— Exercise requirements —
Write out the listing verbatim. No pictures belong in it.

---------- Recorded data

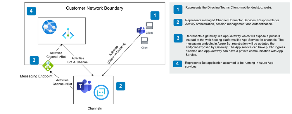 - The messaging endpoint in Bot will be the public endpoint exposed by the gateway. The AppService and AppGW for example can have private communication within Vnet.
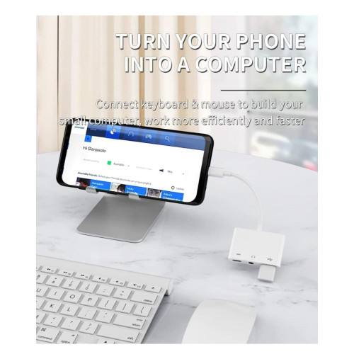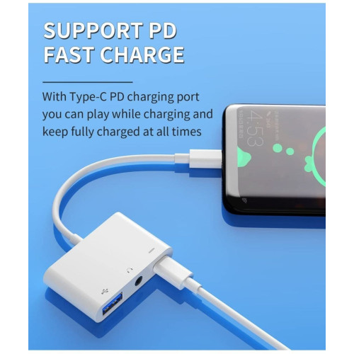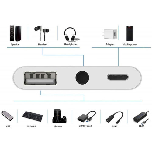 Адаптер-переходник USB-C to USB OTG + Type-C for Charging + Audio 3.5mm - многофункциональный сплиттер для одновременно подключения наушников со стандартным 3.5 мм разъемом и зарядки устройства при помощи USB Type-C кабеля. Значительно расширить возможности Вашего смартфона, планшета, имеет USB OTG Female разъем (называемый в народе "мама") для подключения сторонних устройств через USB кабель. С переходником USB-C to USB OTG с аудио входом 3.5 мм и дополнительным разъем USB-C Вы сможете не только одновременно слушать музыку и заряжать смартфон или планшет, но и перенести фото и видео с цифровой камеры, подключить клавиатуру и многое другое, продолжая при этом заряжать свой мобильный гаджет.
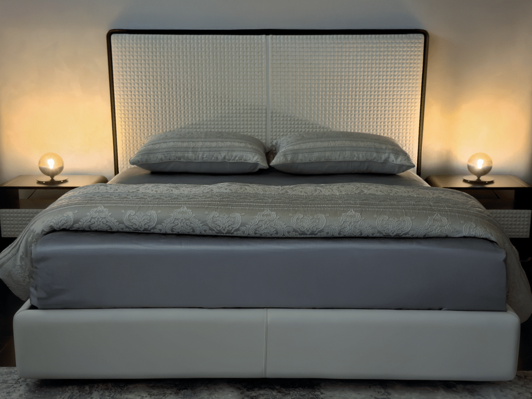 -Headboard Upholstery: Bianco Leather (Fly Quilting)

--------------------

— Response —
 - The messaging endpoint in Bot will be the public endpoint exposed by the gateway. The AppService and AppGW for example can have private communication within Vnet.
 Адаптер-переходник USB-C to USB OTG + Type-C for Charging + Audio 3.5mm - многофункциональный сплиттер для одновременно подключения наушников со стандартным 3.5 мм разъемом и зарядки устройства при помощи USB Type-C кабеля. Значительно расширить возможности Вашего смартфона, планшета, имеет USB OTG Female разъем (называемый в народе "мама") для подключения сторонних устройств через USB кабель. С переходником USB-C to USB OTG с аудио входом 3.5 мм и дополнительным разъем USB-C Вы сможете не только одновременно слушать музыку и заряжать смартфон или планшет, но и перенести фото и видео с цифровой камеры, подключить клавиатуру и многое другое, продолжая при этом заряжать свой мобильный гаджет.
 -Headboard Upholstery: Bianco Leather (Fly Quilting)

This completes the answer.